From the collected opinions, we found that participants appreciated the Eyesi’s user-friendliness, clarity, adjustable pupil size, and the presentation of typical cases. However, the limited time for practice was noted as an area of improvement. And some challenges with TDO were highlighted, such as a small vision field hindering the identification of common fundus lesions and greater difficulty in operation. Nevertheless, students appreciated its realism and the ability to receive feedback from volunteers. Despite the favorable feedback for the Eyesi, a few students did not fully support its use. To address these concerns, we plan to enhance future courses by allocating additional practice time and thoughtfully selecting built-in cases within the Eyesi.

As for study design, we designed four questionnaires to evaluate the subjective feelings of respondents before and after training and on different training tools, as well as their confidence and willingness to use a direct ophthalmoscope in future work. We also compared undergraduates’ tendencies for different learning purposes, and offered suggestions on learning sequences. Self-reporting questionnaires provide valuable insights into participants’ subjective perceptions, feedback, and satisfaction with course content and training methods [51]. These assessments shed light on the training’s potential benefits in enhancing learners’ skills and self-assurance, allowing us to optimize the program accordingly for a more engaging learning experience. In our study, we have implemented multiple strategies to mitigate potential biases. Firstly, random group assignment was employed to ensure balanced representation in each training group, minimizing selection bias. Secondly, we crafted unbiased survey questions to prevent information bias. Moreover, measures such as respondent anonymity, blind data entry, and analysis were implemented to mitigate response and observer bias during data processing. While we acknowledge the limitations of self-reporting, we have taken meticulous steps to enhance the validity and reliability of our findings within the scope of our study’s constraints.
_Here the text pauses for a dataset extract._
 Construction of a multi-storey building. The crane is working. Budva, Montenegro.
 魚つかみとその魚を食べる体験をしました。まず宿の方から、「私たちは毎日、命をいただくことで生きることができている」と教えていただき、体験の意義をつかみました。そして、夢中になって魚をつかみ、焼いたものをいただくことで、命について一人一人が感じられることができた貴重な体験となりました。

However, it is essential to establish more objective evaluation indicators, such as written exams and scenario simulation assessments, to effectively measure the enhancement of participants’ theoretical knowledge and practical skills resulting from the utilization of various training methodologies. Additionally, for evaluating the effectiveness of the Kirkpatrick model’s third and fourth levels, long-term observations will be required to assess the participants’ skills and performance in their daily clinical practices. While we acknowledge the current limitations, it is also essential to conduct further research by integrating feedback from both supervising physicians and patients to achieve a comprehensive understanding of the training outcomes in clinical settings. Recognizing this, we are planning a follow-up study that will address these concerns by focusing on specialized physicians who have undergone the training and gathering insights from experienced providers or faculty regarding the Eyesi. This subsequent research will encompass a more comprehensive assessment, including evaluation by teachers in clinical practice and a blinded evaluation methodology. Furthermore, before commencing further research, we will validate the psychometrics of our questionnaires and further refine them to better meet our survey needs.
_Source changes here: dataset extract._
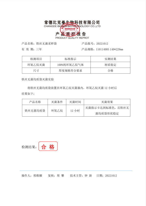110114005 鐵絲無菌采樣袋 140x229 (帶書寫區(qū)域) 100個裝 20221012

In general, the Eyesi has shown potential advantages over the traditional direct ophthalmoscope in fundus observation, operational practice, and theoretical learning. Its user-friendly interface and intuitive design indicate it might effectively assist medical students acquiring fundus examination skills during clinical training. The positive reception of the Eyesi by most undergraduates suggests it could be a valuable contribution to ophthalmic preclinical training. This may help promote the use of the direct ophthalmoscope in primary medical institutions and, as a result, contribute to facilitating the early screening and diagnosis of retinal diseases, and aid in evaluating retinal microvascular abnormalities among patients with systemic diseases. This, in turn, has the potential to reduce healthcare costs and preserve medical resources.